In step three, when the scheduling process parses the distributed DAG file and creates a process batch instance and task instances corresponding to all components in the process for the DAG file, the method further includes:

the dispatching process extracts the associated flow record table of each component in the flow one by one, and stores the created flow batch example as 1 added record into the associated flow record table of the extracted component,

after the execution of the process batch instance corresponding to the DAG file is completed (including the execution success and failure), the following steps are also included:

and the dispatching process extracts the associated process record table of each component in the process one by one and deletes the executed process batch instance record from the associated process record table of the extracted component.

The graphical interface only displays the components with the online states to the user, and when the user updates the state of a certain component state machine to be the offline state, the graphical interface does not display the components with the offline state to the user.

When the user deletes the component on the graphical interface, the method further comprises the following steps:

read the associated flow record table of the deleted component and determine whether the record in the associated flow record table is empty? If yes, deleting the component and the dependent file of the component; and if not, deleting the component and the dependent file of the component when the record in the associated process record table is empty.

The executing device can further comprise a message agent unit and a plurality of task executing units, wherein the message agent unit distributes task instances in the task message queue to the task executing units in sequence to execute. When the task execution unit fails to execute a certain task instance, the message agent unit in the invention can also reselect the task execution unit with high success rate for the task instance which fails to execute according to the execution success rate of all the task execution units, thereby improving the success rate of the failed rerun. Therefore, the step four may further include:

the message broker unit extracts each task instance from the task message queue in order and determines if the extracted task instance is first executed? If yes, the extracted task instance is randomly distributed to 1 task execution unit for execution, and the task execution unit updates the state of the corresponding task instance in the task state table according to the execution result; if not, calculating the execution success rate of all task execution units, wherein the execution success rate is the ratio of the number of the task instances which are successfully executed to the number of all executed task instances, then selecting 1 task execution unit with the highest execution success rate, then distributing the extracted task instances to the selected task execution units for execution, and finally updating the states of the corresponding task instances in the task state table by the task execution units according to the execution results.

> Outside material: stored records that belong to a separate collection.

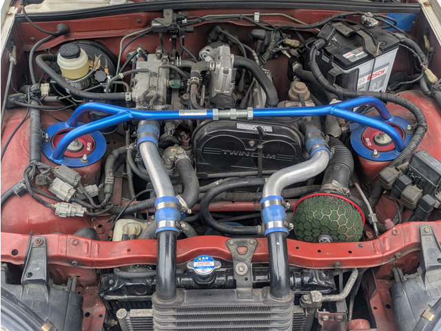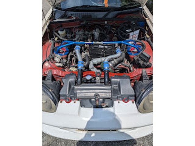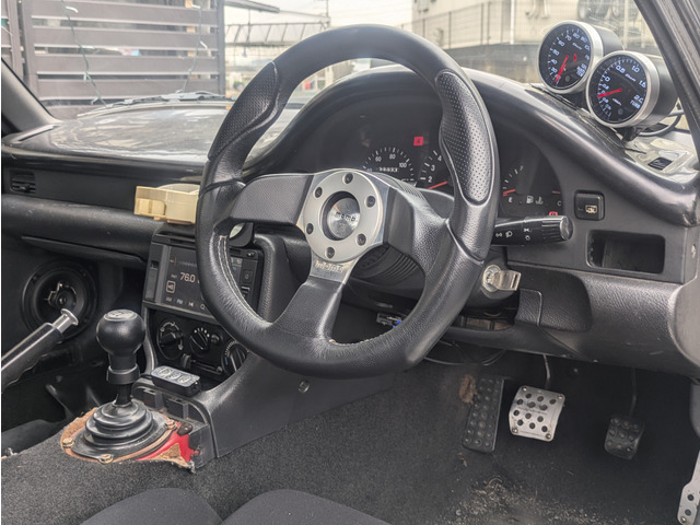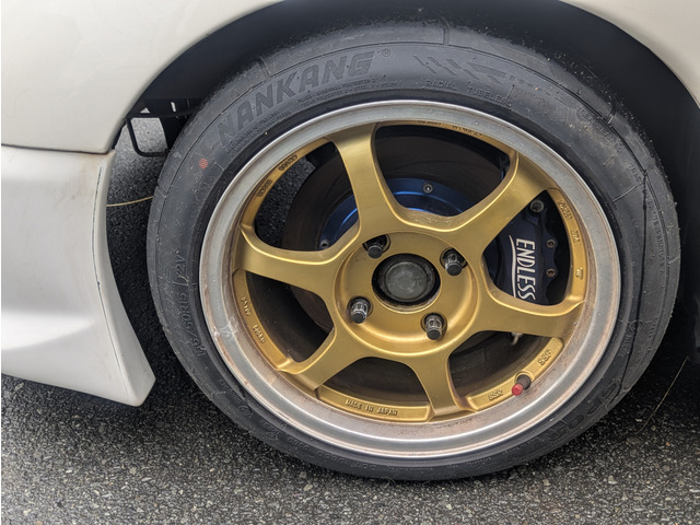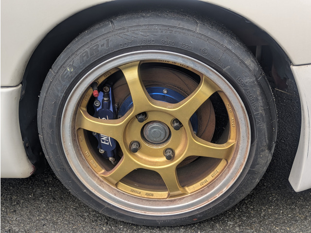 エンドレスブレーキキット(フロント)、GTウィング、エアロバンパー(フロント)、レカロフルバケットシート、MOMOレースステアリング、BLITZ車高調、アルミパイピング、スピンターンノブ、LSD装着済みです。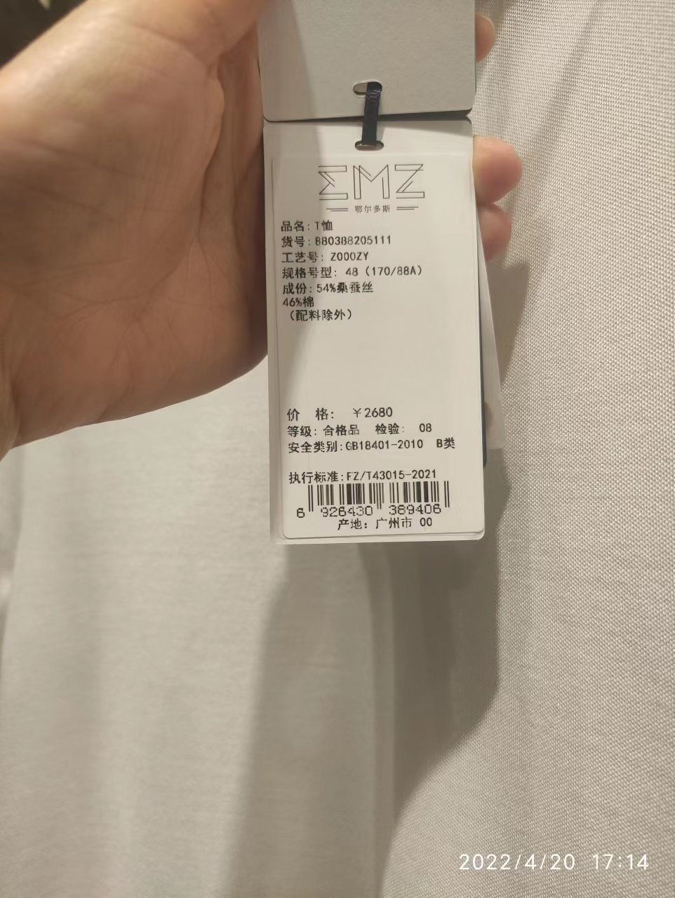 本款T恤采用54%的苏州辑里丝,46%的埃及长绒棉织就而成,轻,薄,柔透,吸湿透气性好,具有防紫外线功能,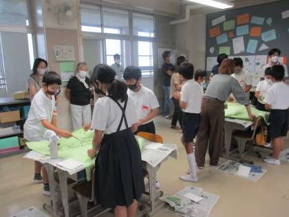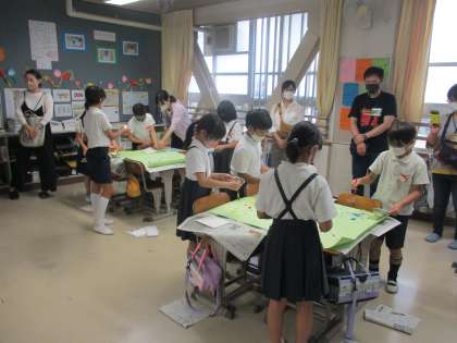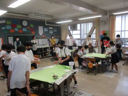 4年生 参観授業 図工 公開日 2022/09/27 更新日 2022/09/27 4年生 図工では「絵具と水とで素敵な模様を作ろう」の制作に取り組んでいました。水に溶いた絵具を筆で模造紙に飛ばして,いろいろな模様を描いていました。筆で描くのではないので,偶然できる模様や思いもよらない模様ができて楽しく活動ができました。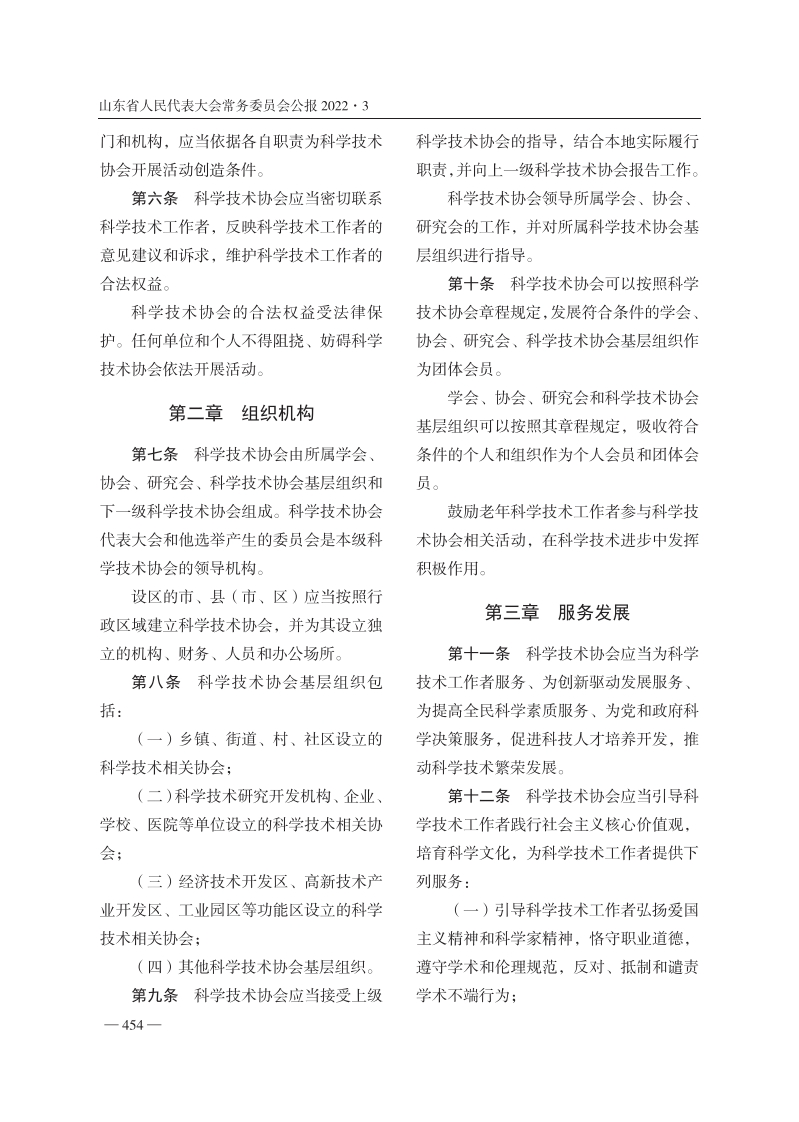 山东省人民代表大会常务委员会公报2022·3山东省科学技术协会条例1997年10月15日山东省第八届人民代表大会常务委员会第三十次会议通过2022年6月9日山东省第十三届人民代表大会常务委员会第三十五次会议修订设区的市和县(市、区)科学技术协会。目录第三条科学技术协会是科学技术工第一章总则作者的群众组织,是中国共产党领导下的第二章组织机构人民团体,是党和政府联系科学技术工作第三章服务发展者的桥梁和纽带,是推动科学技术事业发第四章保障措施展的重要力量,是国家创新体系的重要组第五章法律责任成部分。第六章附则第四条科学技术协会应当坚持独立自主、民主办会的原则,依照法律法规和第一章总则科学技术协会章程开展工作。第一条为了保障科学技术协会依法科学技术协会倡导尊重劳动、尊重知开展活动,发挥科学技术工作者的作用,识、尊重人才、尊重创造的风尚,弘扬科引导科学技术工作者践行社会主义核心价学家精神,推动科技伦理治理,鼓励科学值观,促进科技自立自强,推动高质量发探索和技术创新。展和现代化强省建设,根据《中华人民共第五条县级以上人民政府应当将科和国科学技术进步法》《中华人民共和国学技术协会工作纳人经济社会发展有关规科学技术普及法》等法律、行政法规,结划,制定促进科学技术协会发展的政策措合本省实际,制定本条例。施,统筹解决科学技术协会发展中的突出第二条本条例适用于本省行政区域问题。内科学技术协会的组织建设、工作开展以县级以上人民政府发展改革、教育、及相关服务保障等活动。科学技术、民政、财政、人力资源社会保本条例所称科学技术协会,包括省、障、外事以及国有资产监督管理等有关部—453—

Each scheduling process monitors whether the state of each task instance in the task state table of the scheduling process changes in real time, and the state of the task instance can include: the task instances are in a queue, running successfully, waiting for running again and running unsuccessfully, and different states of the task instances can be identified and displayed to a user by using different colors, for example, light green represents running, dark green represents running successfully, red represents running unsuccessfully, and yellow represents waiting for running again. As shown in fig. 2, when the scheduling process monitors and finds that the states of 1 task instance in its task state table change, the method further includes:

step A1, the scheduling process reads the state of the changed task instance and judges whether the state meets the triggering condition in the DAG file, if yes, a plurality of task instances triggered by the triggering condition are extracted, when the extracted content is empty, the execution of the process batch instance is successful, the process is finished, when the extracted content is not empty, the extracted task instance is pushed to the message queue, meanwhile, the state of the pushed task instance in the task state table is updated to the queue, and the process is finished; if not, continuing to the next step:

step A2, the scheduling process judges whether the state of the changed task instance is waiting for re-running and the re-running times are less than the threshold value of times, if yes, the task instance is continuously pushed to the task message queue, the state of the pushed task instance in the task state table is updated to the queue, and the process is ended; if not, the execution of the process batch instance is failed, operation failure information is displayed to a user, and the execution of the process is terminated. The rerun times are used for recording the running times of the task instances, and the time threshold value can be set according to actual business needs.

It should be noted that the present invention may further include a plurality of dispatch service devices and 1 fault monitoring device, so as to support real-time fault transfer and have multi-machine high availability. As shown in fig. 3, the fault monitoring apparatus selects 1 dispatch service apparatus from the plurality of dispatch service apparatuses to start dispatch services (i.e. step two and step three in fig. 1), and further includes:

step B1, each scheduling service device comprises 1 fault transfer service unit, and the transfer service units on all the scheduling service devices are registered to the fault monitoring device and monitor the fault monitoring device in real time;

in order to support more extensive high availability, the number of dispatch service units does not set an upper limit;

step B2, when the dispatching service is started for the first time or the current dispatching service is monitored to have a fault, the fault monitoring device informs all the registered and monitored fault transfer service units to connect with the fault monitoring device and carries out one-time starting judgment;

step B3, the fault monitoring device notifies the dispatch service device where the first initiated failover service unit is located to start the dispatch service, and the other dispatch service devices continue to be in the monitoring state.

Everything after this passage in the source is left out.